Using Large Language Models to Parse and Read Order Emails from Outlook and Gmail

Every day, small business get hundreds of orders through emails, and employees have to professionals sift through countless emails, manually typing a filling in work orders, searching for important messages buried beneath spam, promotions, and automated notifications. Despite advancements in email filtering and search capabilities, efficiently managing an overflowing inbox remains a significant challenge. This project explores how ChatGPT API can assist businesses in automatically parsing, categorizing, and extracting order information from emails from their clients, not needing human intervention.

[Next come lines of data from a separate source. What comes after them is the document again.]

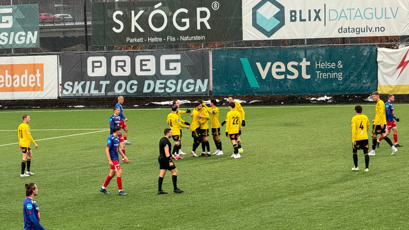 Fjorårets divisjonskollega, som endte opp med 2.plass og kvalifisering mot Lyn, stilte med et solid mannskap, og det var deilig å se at de gulkledde jevnet ut divisjonsforskjellen mellom lagene i første omgang.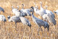 Kraanvogels (Grus Grus) aan het eten en aan het rusten in een veld bij Diepholz in Duitsland tijdens de herfsttrek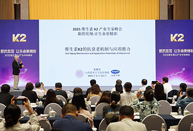 清华大学(台湾)生物科技研究所荣退教授黎耀基教授通过《维生素K2的抗衰老机制与应用潜力》主题演讲介绍,维生素K2具有抗氧化、抗炎和维持钙稳态的作用,并以此帮助机体对抗年龄相关疾病,如骨质疏松、心血管疾病、糖尿病和神经退化等。此外,维生素K2还起到促进伤口愈合、加速胶原蛋白生成等作用,在皮肤护理领域具有一定发展潜力,尤其是还原型维生素K2,在高端医美及护肤品行业中的应用展现出显著的升级效应和市场带动性,成为行业增长的新引擎。维生素K2有望纳入未来健康老化、延缓慢病、提升健康寿命的整体营养策略。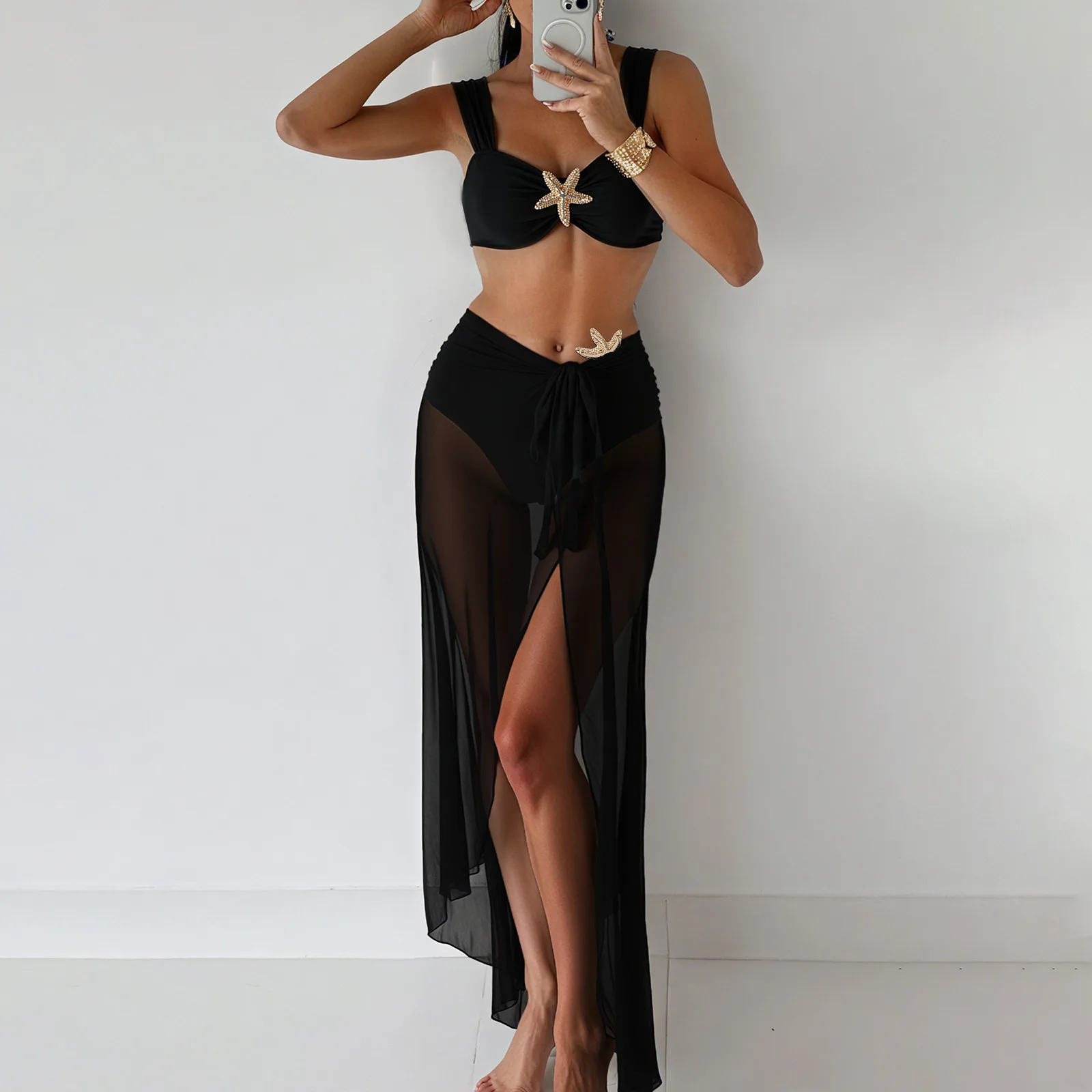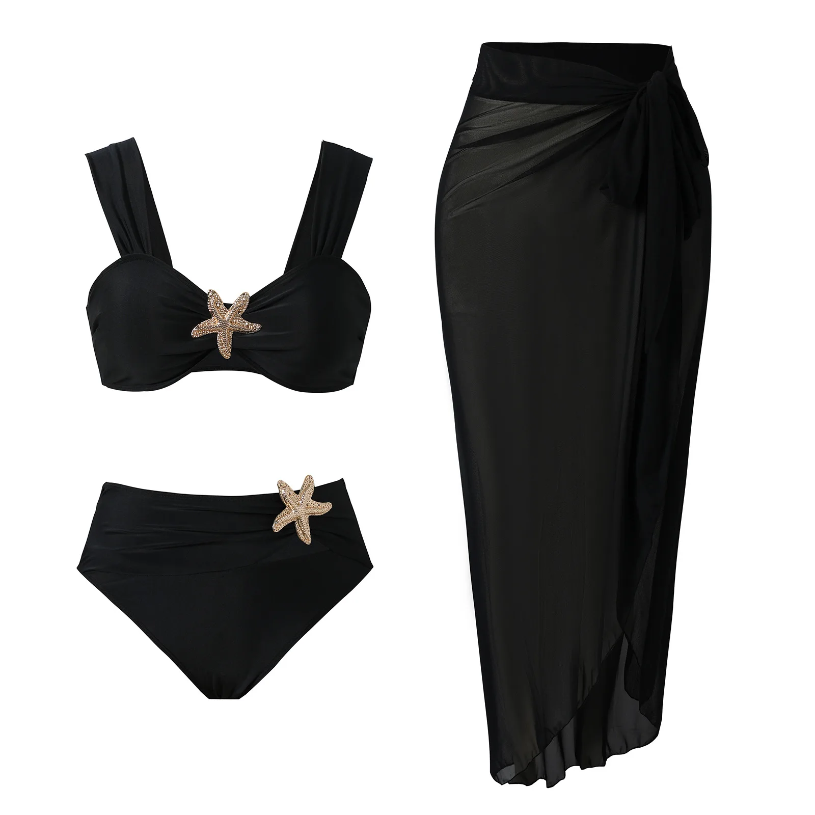 JSN 2026 Customized New Design Three Piece Set Bikini with High Cut Swimdress Women's Solid Swimsuit with Metallic Accessories
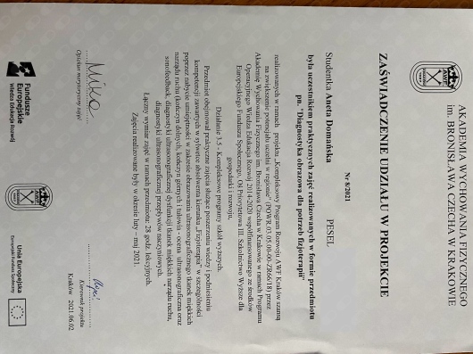 Tytuł magistra fizjoterapii zdobyłam na Akademii Wychowania Fizycznego w Krakowie. Ukończyłam tam również studia licencjackie na kierunku Terapia Zajęciowa. Doświadczenie zdobywałam już w podczas studiów, uczestnicząc w praktykach klinicznych w szpitalach, odbywając staż w prywatnym Ośrodku Specjalistycznej Rehabilitacji Stacjonarnej "Kwitnąca", a także uczęszczając na liczne szkolenia i kursy. Obecnie pracuję w prywatnym gabinecie jako fizjoterapeuta oraz trener. Na co dzień pracuję z pacjentami bólowymi, ortopedycznymi oraz sportowcami a także prowadzę treningi EMS. Najbardziej pasjonuje mnie wykonywanie terapii i masaży w obrębie twarzy, ale największą satysfakcję czerpię po prostu z pracy z drugim człowiekiem. Podczas rehabilitacji korzystam z technik terapii manualnej, a także masażu tkanek głębokich, pinoterapii czy kinesiotapingu. Niezwykle ważna jest dla mnie również edukacja pacjenta i świadome odczuwanie przez niego własnego ciała - dlatego zawsze staram się wytłumaczyć jaki cel ma dane ćwiczenie bądź konkretna technika. Wyróżnia mnie to, że każdy pacjent traktowany jest przeze mnie z należytą empatią i troską oraz w sposób holistyczny, i indywidualny, co prowadzi nie tylko do szybkiego powrotu do sprawności, ale również gwarantuje przyjazną atmosferę otwartości i profesjonalizmu. Ukończone szkolenia: * Masaż tkanek głębokich * Diagnostyka obrazowa dla potrzeb fizjoterapii * Masaż Kobido Up z kinesiotapingiem twarzy * Kliniczne problemy stawów skroniowo-żuchwowych * Pinoterapia by FRSC * Masaż Cupping Facial Lift * Masaż transbukalny Prywatnie - kocham wszelaki sport. Uwielbiam zdobywać szczyty górskie, a także spędzać jak najwięcej czasu z moim pieskiem :)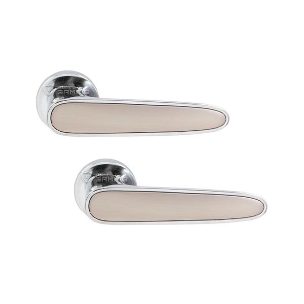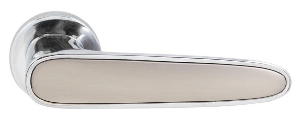 Ручки на розеті торгової марки RDA. Матеріал виготовлення – цинковий сплав, що дозволяє обирати їх як для міжкімнатних так і для вхідних дверей. Багатошарове гальванічне покриття гарантує збереження зовнішнього вигляду ручки до 60 місяців. Додатково металевий пружинний механізм забезпечує легкість натискання ручки та відсутність проблем з її провисанням. Незвичайне поєднання кольорів - хром / сатин нікель – доречно підкреслить інтер'єр в ніжних світлих відтінках. Монтаж ручки простий і не потребує додаткових зусиль. На дверному полотні мають охайний та естетично привабливий вигляд. Дизайн в стилі модерн з круглою розетою, чудово підкреслить Ваш інтер’єр з плавним лініями. Щоб ручки не зламалась при щоденному користуванні радимо зафіксувати їх до стержня гужоном, що йде в комплекті.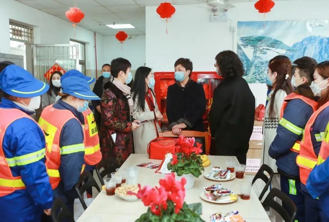 2月7日上午,徐汇区妇联主席、党组书记陈华带队走访区环卫职工之家,与大家亲切交流,并送上新春慰问品。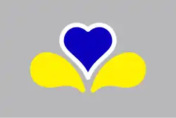 Flag of the Common Community Commission | A white bordered yellow iris on a blue background. | ||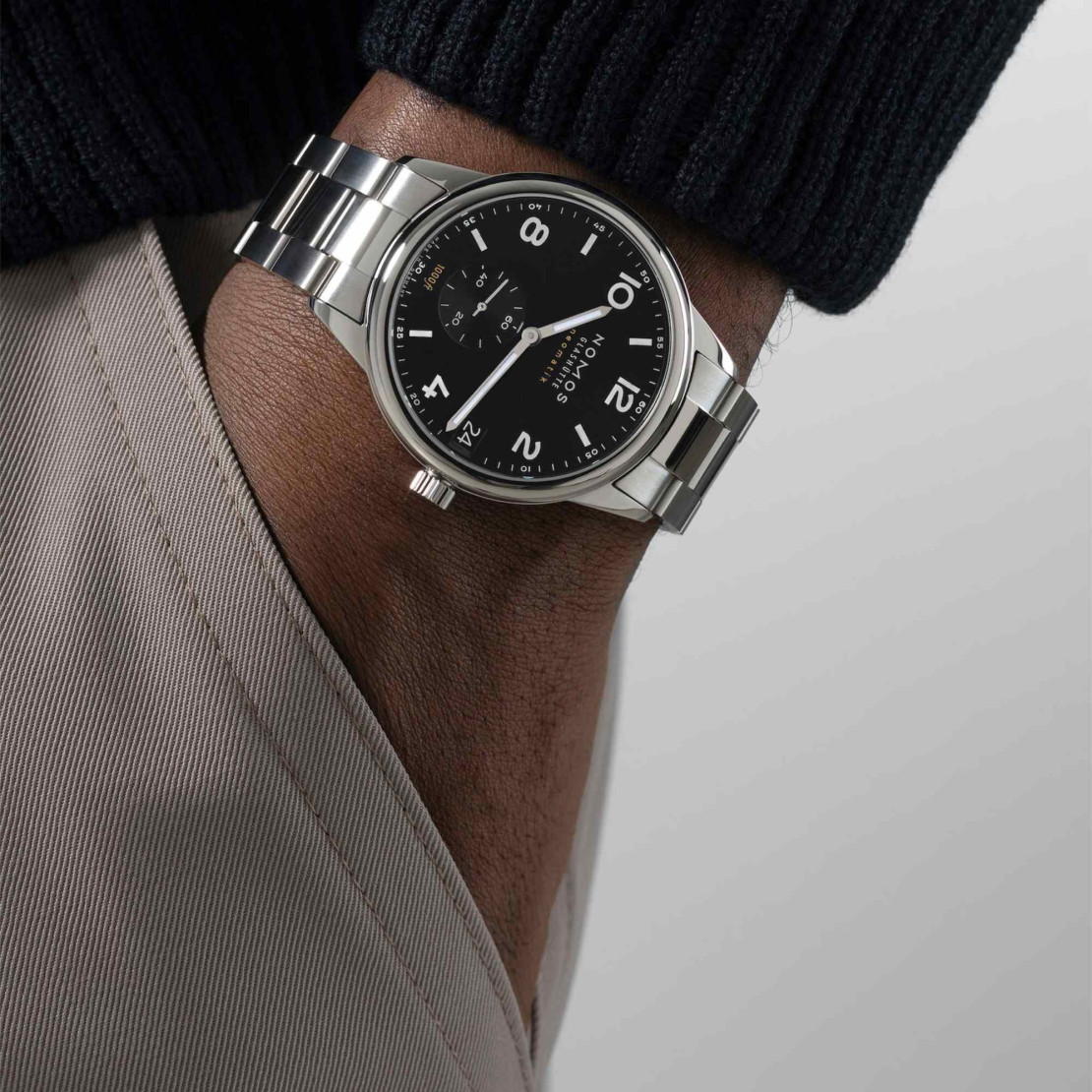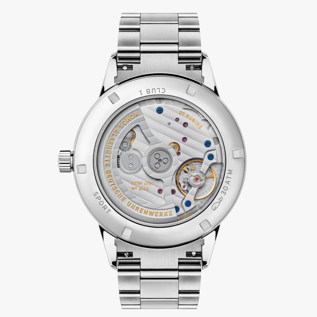 Ref. 781 - Club jetzt ganz neu – mit Lust auf Abenteuer: Diese große NOMOS-Uhr ist bis 1000 Fuß, also 30 atm, wasserdicht. Mit dem hochinnovativen und äußerst präzisen neomatik-Datumskaliber und dem neuen NOMOS-Metallband ausgestattet, ist Club Sport neomatik 42 Datum schwarz die Uhr fürs überaus zeitgemäße Handgelenk.

By leveraging natural language processing (NLP) techniques, how can one build an intelligent email processing pipeline capable of performing preliminary filtering, much like how spam filters or smart inboxes work before an email reaches a user’s primary inbox?

What Does the Project Do?

The Email Order Summarization Tool is a Python-based application that connects to the Gmail and Outlook API, retrieves emails based on specific criteria (e.g., timeframes, keywords), and organizes the data into a structured format using Pandas. Here’s what it can do:

  1. Fetch Emails:
    • Connects to Gmail or Outlook using OAuth 2.0 for secure authentication
    • Retrieves emails from specific times (e.g., October 2023 and November 2023)
    • Filters emails containing specific keywords (e.g., “program”, “order”)
  2. Extract Key Information:
    • Extracts the following info:
      • sender
      • date of email
      • subject
      • message body
      • date/time
  3. ChatGPT Powered Summarization:
    • If the email contains information about ordering an item from the business it extracts the following info:
      • Item
      • Origin of Production
      • Quantity
      • Weight
      • Unit
      • Packaging
      • Order Delivery Address
      • Order Delivery Date
      • Order Delivery Time
  4. Store and Analyze Data:
    • The extracted data is then stored into a Pandas DataFrame
    • Provides options to export the data to CSV or perform further analysis

Key Components

1️⃣ Login to customer emails and accessing OAuth for clients

2️⃣ Email extraction component filters, sort by date, sort by filter word

3️⃣ ChatGPT Prompt engineering – What do I get chatgpt to extract for me? What do I need, what dont I need?


Login via OAuth

1. Fetching Emails with Gmail API

This is sample code functions to get the gmail service credentials from the gmail oauth api

from google.auth.transport.requests import Request
from google.oauth2.credentials import Credentials

from google_auth_oauthlib.flow import InstalledAppFlow, Flow
from googleapiclient.discovery import build
from googleapiclient.errors import HttpError

# Authenticate and build the Gmail service
def get_google_auth_flow(redirect_uri, state=None):
    return Flow.from_client_secrets_file(
        CLIENT_SECRETS_FILE,
        scopes=SCOPES,
        state=state,
        redirect_uri=redirect_uri
    )

def get_gmail_service(session):
    credentials = session.get('credentials')
    if not credentials:
        return None
    creds = Credentials(
        credentials['token'],
        refresh_token=credentials.get('refresh_token'),
        token_uri=credentials['token_uri'],
        client_id=credentials['client_id'],
        client_secret=credentials['client_secret'],
        scopes=credentials['scopes']
    )
    if creds.expired and creds.refresh_token:
        creds.refresh(Request())
        # Update session with new token
        session['credentials'] = {
            'token': creds.token,
            'refresh_token': creds.refresh_token,
            'token_uri': creds.token_uri,
            'client_id': creds.client_id,
            'client_secret': creds.client_secret,
            'scopes': creds.scopes
        }
    return build('gmail', 'v1', credentials=creds)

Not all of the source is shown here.